**Exercise data**
┄┄┄┄┄┄

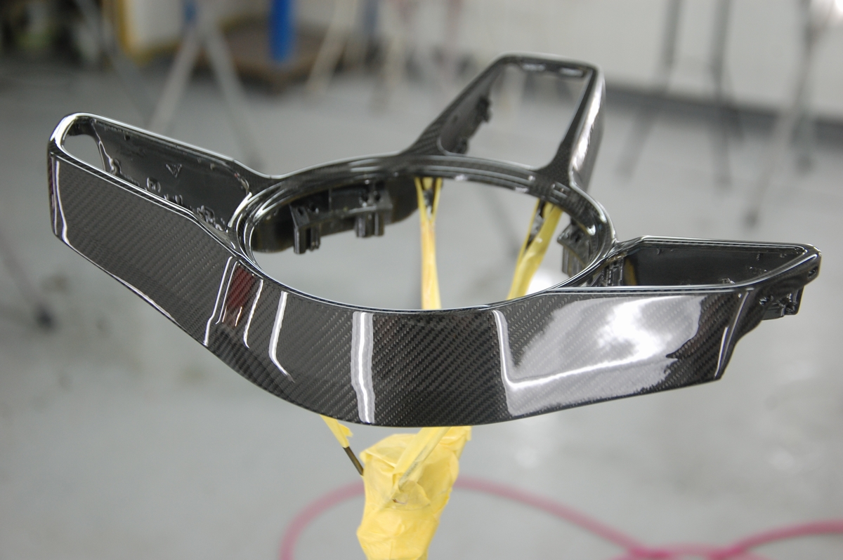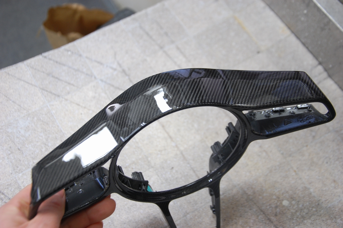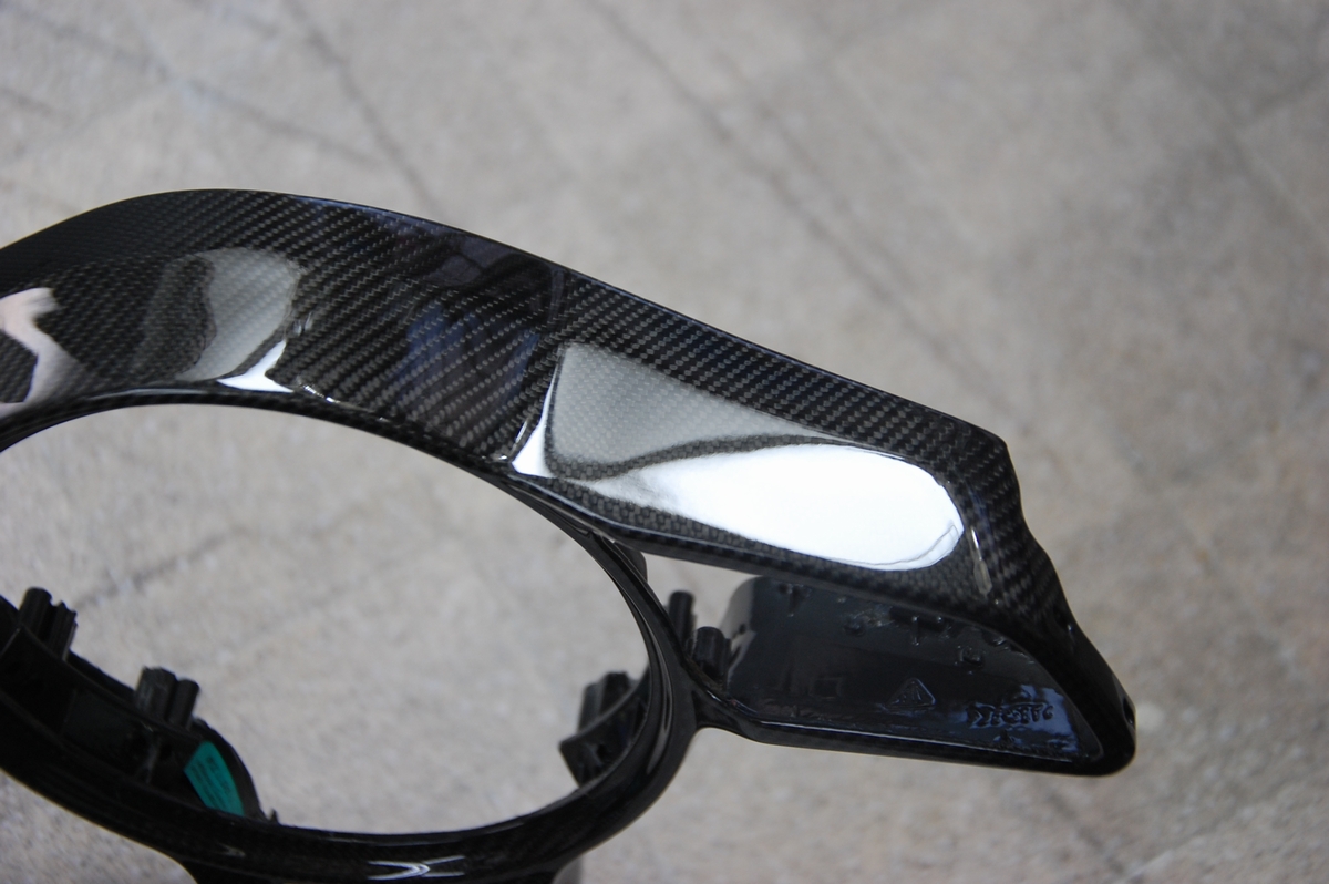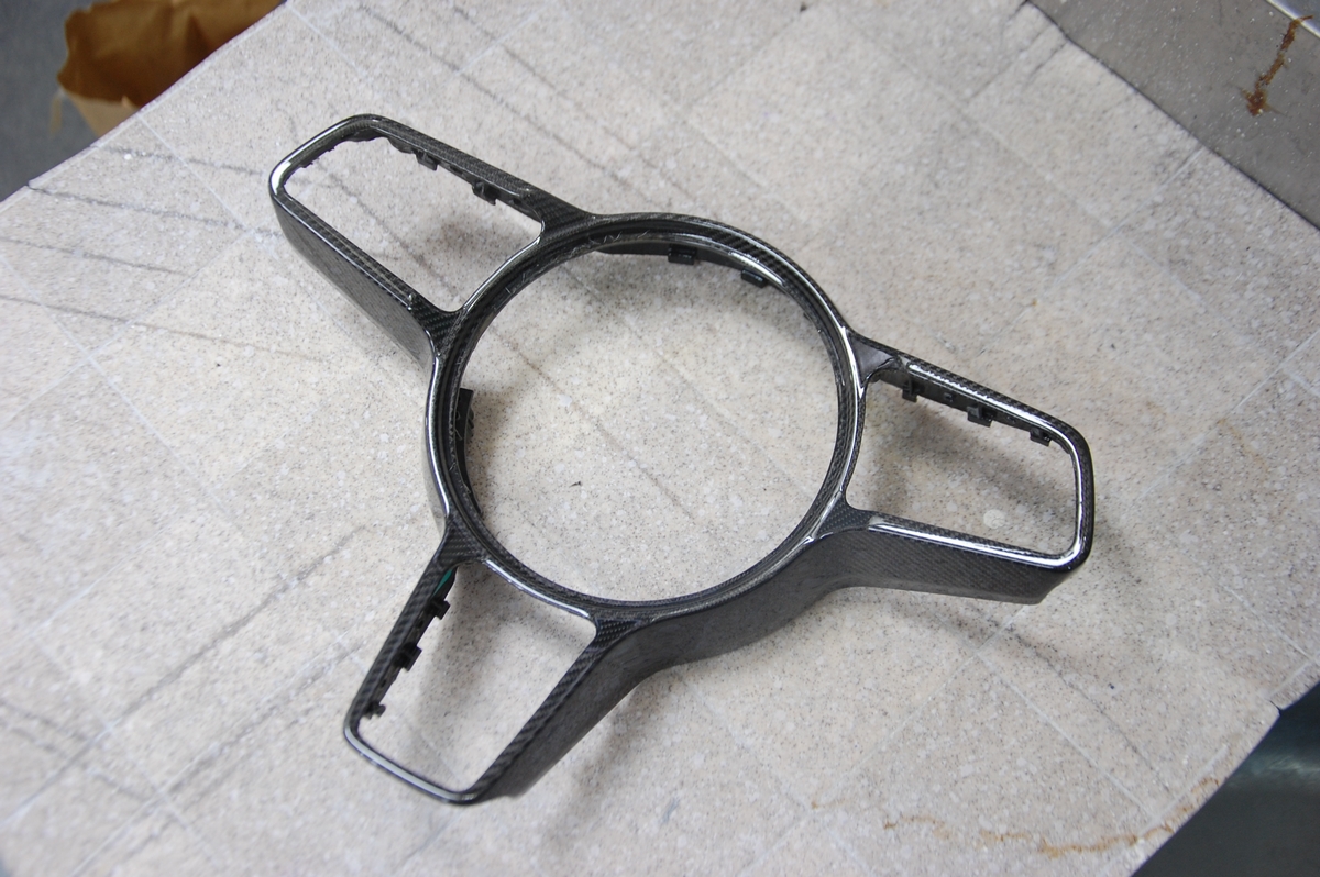 先日1回目の下塗りを行っておいたポルシェ純正のカーボンステアリングトリムです。
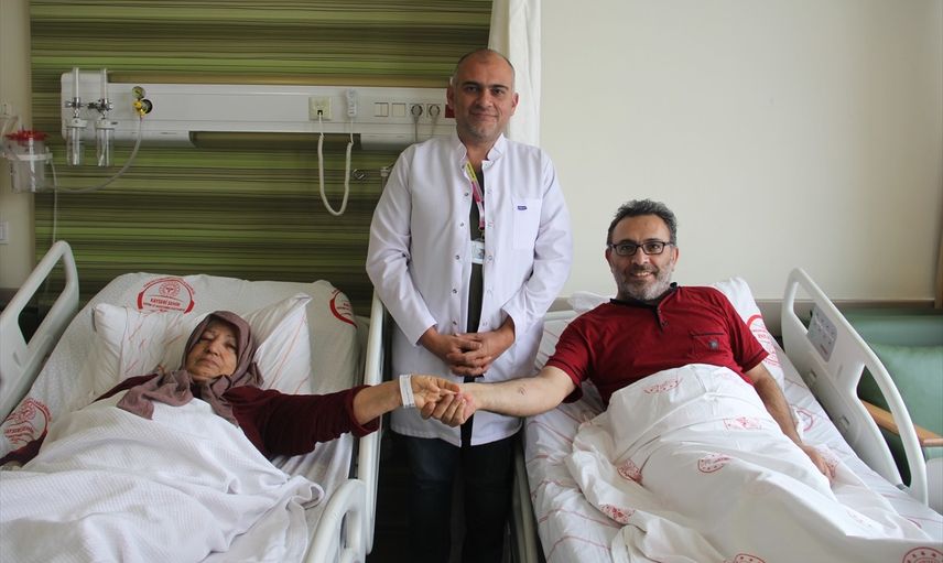 Kayseri'de 5 gün arayla kalp krizi geçiren anne Ayten (sağda) ile oğlu Mehmet Öztemir (ortada), birbirlerinden habersiz gittikleri Kayseri Şehir Hastanesinde aynı gün yapılan anjiyonun ardından sağlıklarına kavuştu.
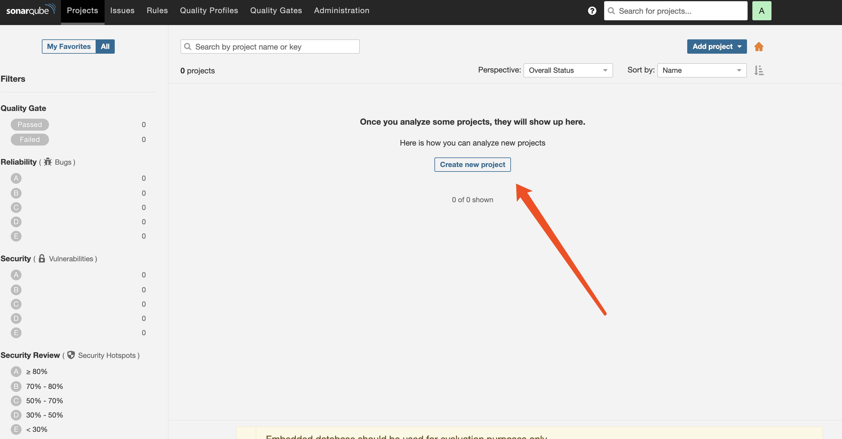 登錄進(jìn)入sonar頁(yè)面后,點(diǎn)擊創(chuàng)建一個(gè)項(xiàng)目
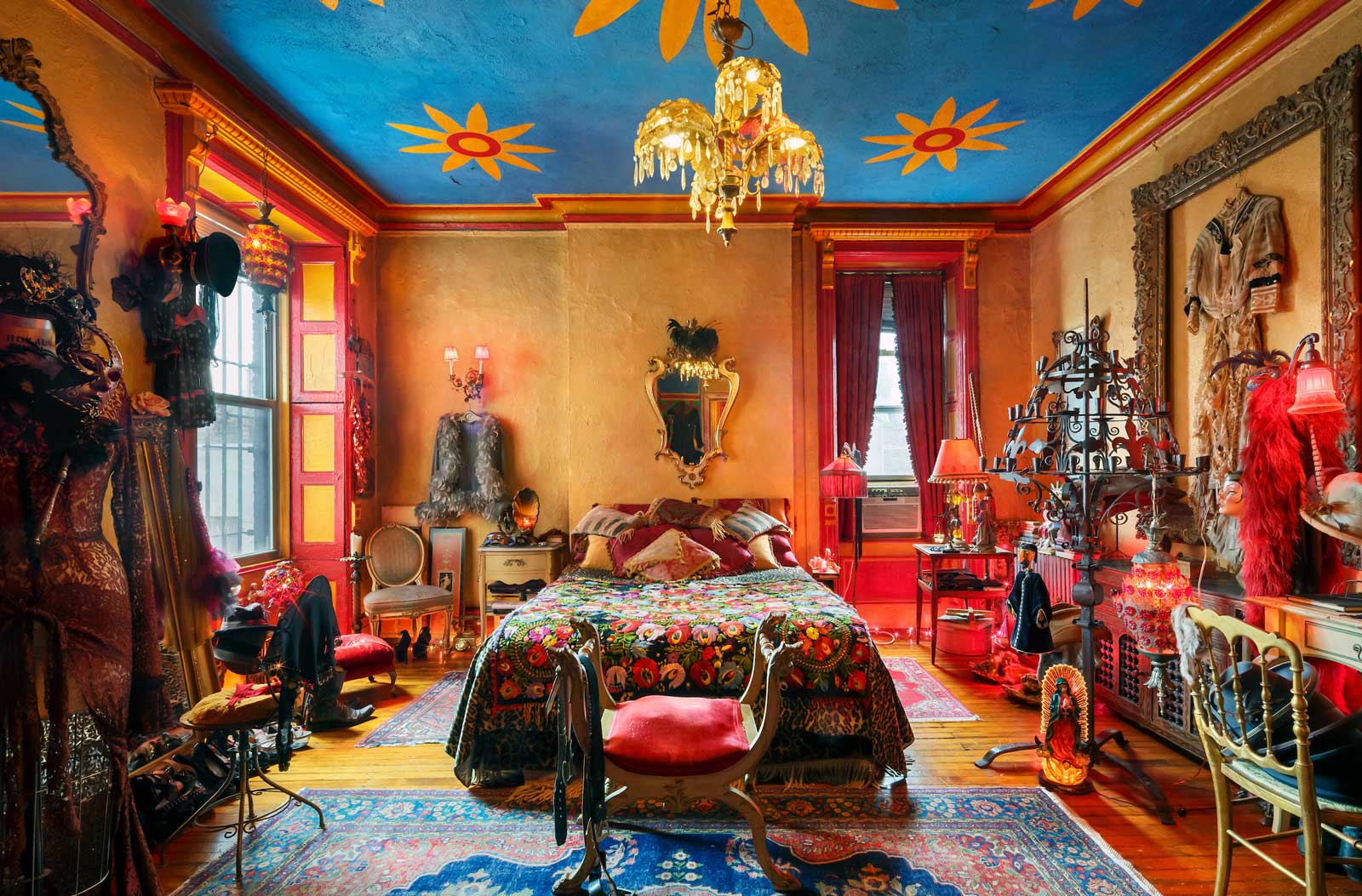 While some residents, like paralegal and Cher fanatic Mickie Esemplare, have accepted the renovation through enticing upgrades such as a private bathroom or larger space, others like cinematographer Tony Notaberardino are fighting renovations to their apartment in an effort to preserve the hotel’s history, claiming “people want to come here and touch the wall that Jack Kerouac touched, they want that authenticity.” Miller captures Notaberardino in his “sanctuary” of cheerful circus patterned walls painted by previous tenant and Australian artist Vali Myers. Among other original works of art featured on the walls of the Chelsea are Manhattan artist Joey Horatio’s dominatrix murals in the hallway of NY Nightlife icon Susanne Bartsch’s apartment and an India-inspired palette of decoupage by multi-disciplinary artist Gerald DeCock.

┄┄┄┄┄┄

**What this task involves**
A word-for-word copy is needed, starting at the first line of the listing and ending with the line bearing "登錄進(jìn)入sonar". No pictures.

**Task solution**
 先日1回目の下塗りを行っておいたポルシェ純正のカーボンステアリングトリムです。
 Kayseri'de 5 gün arayla kalp krizi geçiren anne Ayten (sağda) ile oğlu Mehmet Öztemir (ortada), birbirlerinden habersiz gittikleri Kayseri Şehir Hastanesinde aynı gün yapılan anjiyonun ardından sağlıklarına kavuştu.
 登錄進(jìn)入sonar頁(yè)面后,點(diǎn)擊創(chuàng)建一個(gè)項(xiàng)目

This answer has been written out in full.